Sean E. Matzus is a key figure in the Texas Harsh Noise Wall and experimental  scene in genreal; he’s part of Richard Ramirez’s harsh noise collective Black Leather Jesus, he also works along side Richard in his HNW project Last Rape and junk noise project priest in Shit  (with Richard & BLJ’s  Vance Osborne). He is involved in more drone & elctro-acostic projects too like The Secret Geography(solo project) and In The Land Of Archers( with Vance Osborne).
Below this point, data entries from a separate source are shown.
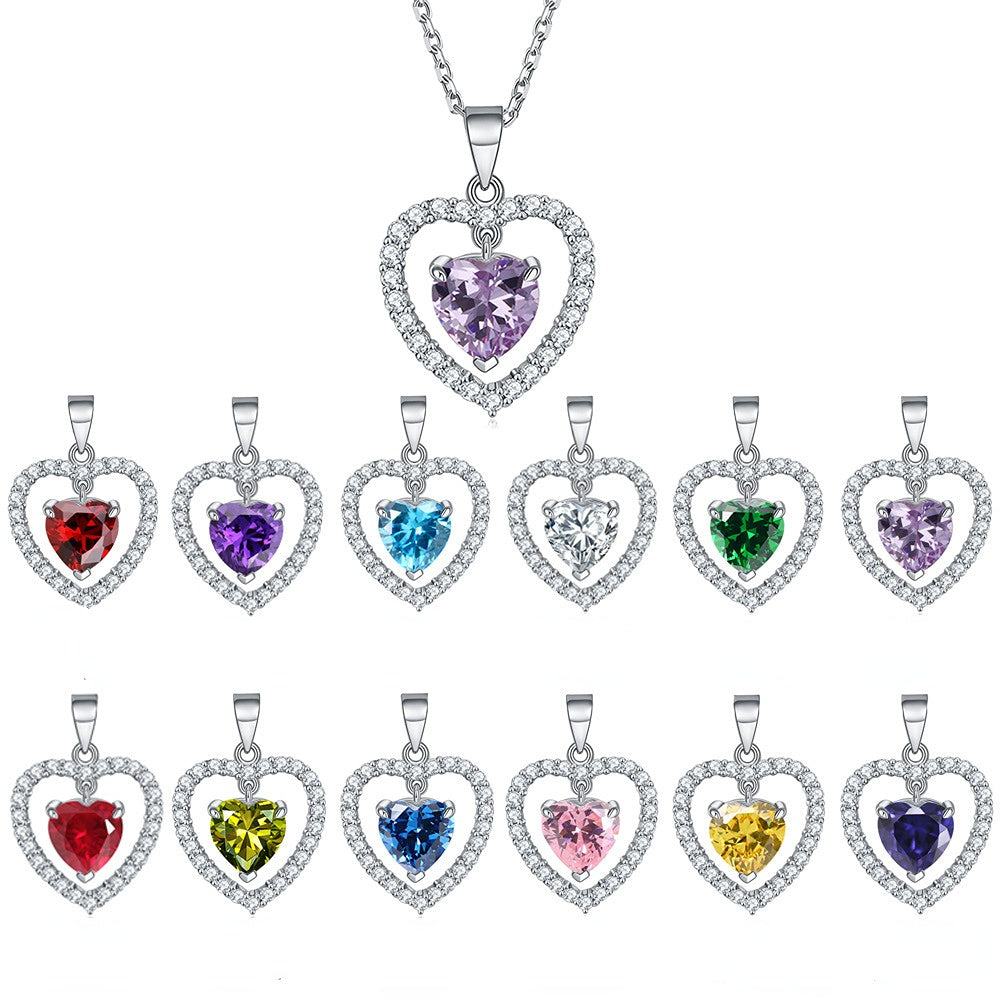 Colourful Heart Zircon Pendant Silver Necklace for Women
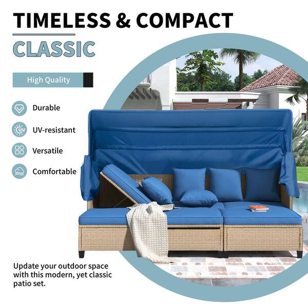4 Piece Wicker Outdoor Sectional Set with Retractable Canopy, Blue Cushions and Lifting Table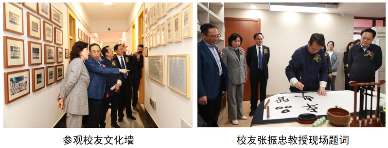 仪式开始前,校友们参观了主题为“桃园”的校友文化墙和文学院70年发展历程图片展。中国书法家协会会员张振忠校友,现场挥毫泼墨书写“品质卓越、境界辉煌”八个雄浑大字,表达了校友心系母校发展,为母校发展成就自豪的激动之情。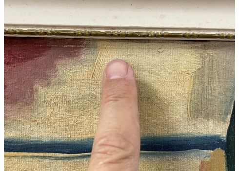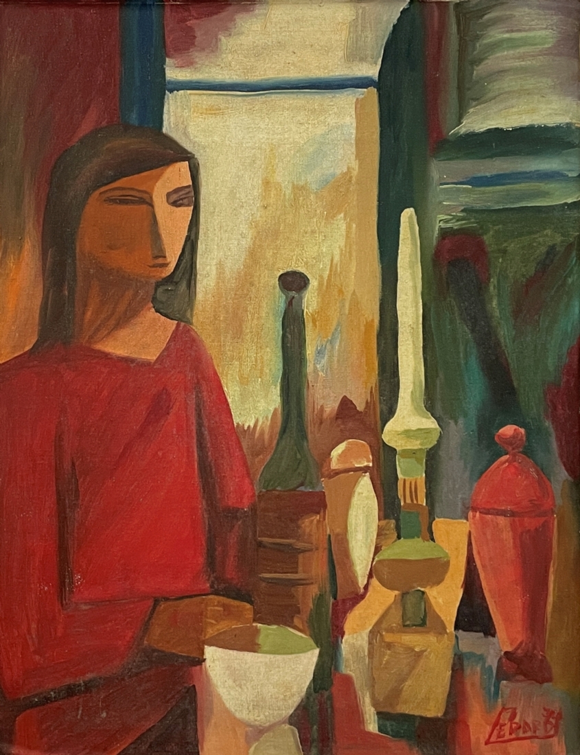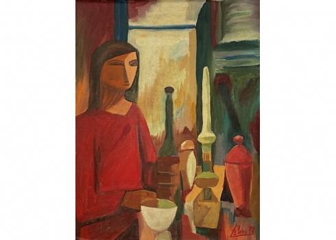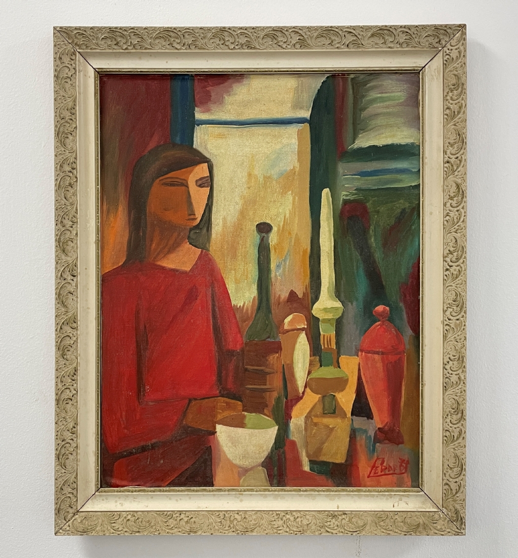 'אישה באדום יושבת במטבח' - ציור ישן, שמן על בד מוצמד ללוח, חתום ומתוארך: 1974, מידות:54X42 x ס"מ, מידות המסגרת: 64X51.5 ס"מ.

Sean kindly took time out of his busy schedule to give M[M] an email interview.

m[m] What are some of your earliest musical memories and what first got you interested in Noise music? and Was there one particular record or track?
Sean I'd say I have always been attracted to extremes and abstraction in music rather than just interested in “noise.” I also think that I came to noise through pretty conventional music; the bleeps and bloops on Pink Floyd albums or Hendrix playing “The Star-Spangled Banner.”   
 
Sean I grew up in a very small town in rural southwestern Pennsylvania, but I was within 15 miles of Morgantown, West Virginia.  When I was growing up Morgantown was a vibrant college town with a thriving live music scene, so I was afforded the opportunity to see some pretty cool stuff at a very young age.  It was the Butthole Surfers on the “Locust Abortion Technician” tour that first really opened my eyes to the fact that there may be something out there for me.  I gravitated toward the “weird” stuff; my eye was caught by a cassette copy of “Filth” by Swans at the local record store. Sonic Youth was another hugely influential find—I really loved things like “Sonic Death” and “Bad Moon Rising.” (Lots of great things over the years tied to Sonic Youth. . .I got to see the Boredoms the first time they came to the US thanks to Sonic Youth.) 
 
Sean I remember reading a relatively negative review of “Haus Der Luege” by Neubauten in an issue of Thrasher that used words that really made it seem like something I should check out.  I think that was around the same time as the whole Negativland satanic murders hoax that led to “Helter Stupid.”  How could I not check that out, even if it was quite a while before I really “got” it?  The amazing thing is that I managed to buy most of this stuff at the record stores in the local malls.   I would make these tapes of the noise and drone parts of “rock” albums and play them over and over while I was writing.  After the first Mr. Bungle album was released I sought out John Zorn.  The Naked City self-titled was pretty easy to come by, and Zorn really opened my eyes to all kinds of extreme music.  But even then, and well in to my college career, noise and the avant garde was really just a few acts like Painkiller or a track or two on an album or on the soundtracks to David Lynch films and the like. I had no idea that there were so many artists making noise and weirdo stuff.  But I really didn't become obsessive about pure noise and experimental stuff until I moved to Texas and found record stores that specialized in it.  As important as those early loves like Swans and Neubauten were, it was Genetic Memory on KTRU and Vinal Edge here in Houston that really blew open the doors for me, and I was in my mid twenties by that time.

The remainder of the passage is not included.